While this drama is set mainly in the 'real world' – Jack does travel briefly to one of the Invisible Realms that lies closely intertwined with our own.

This story reinforces the 'Jungle Jack' aspect of his character. Indeed, all of the Travels with Jack Adventures take place in tropical parts of the world.

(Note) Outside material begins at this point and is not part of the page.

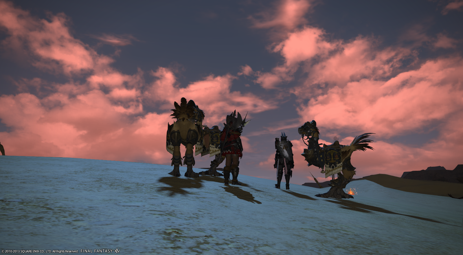 めいさんに誘ってもらって宝探し。ようやく探し当ててふと見渡したら、夜明けの空が綺麗だったです。

There is a strong ecological theme running through the story illustrating man's greed leading to the destruction not only of fragile ecosystems but also to the special, magical places in the world.

==Quotes==
Tereza: "It will eat your soul."

Jack: "God! I really hate things that eat your soul."

Tereza: "I do too."

==Credits==
- Jack Flanders – Robert Lorick
- Tereza Cavalcanti – Ana Rosa
- Paulo Pompadora – Andre Adler
- Claudia Guedes – Claudia Zagarodne
- Terry Newman – Terry O'Reilly
- Professor Elvis – Edward Blake
- Chico – Sergio Cesario
- Executive Producer – Thomas Manuel Lopez
- Story & Script – Meatball Fulton
- Music – Tim Clark
- Director – T. Lopez
- Engineers – Robert Harrari, Fulton & Clark
- Illustration – Alan Okamoto
- Graphics – Jaye Oliver

Additional ideas plucked from the mind of Marcia Dale Lopez

Sounds recorded in Rio, the Amazon, and the Pantanal of Mato Grosso by Fulton & Clark

"Production was made possible through grants from the National Endowment for the Arts, and donations from people like you, maybe even you. Additional support was provided by Sid Ashram and Grill, home of the Big Om Burger."

==Travels with Jack==
All of the installments in this sub-series are entitled Dreams of ... although ZBS produced two others with a similar title – Dreams of Rio and Dreams of the Blue Morpho – which are not part of the series.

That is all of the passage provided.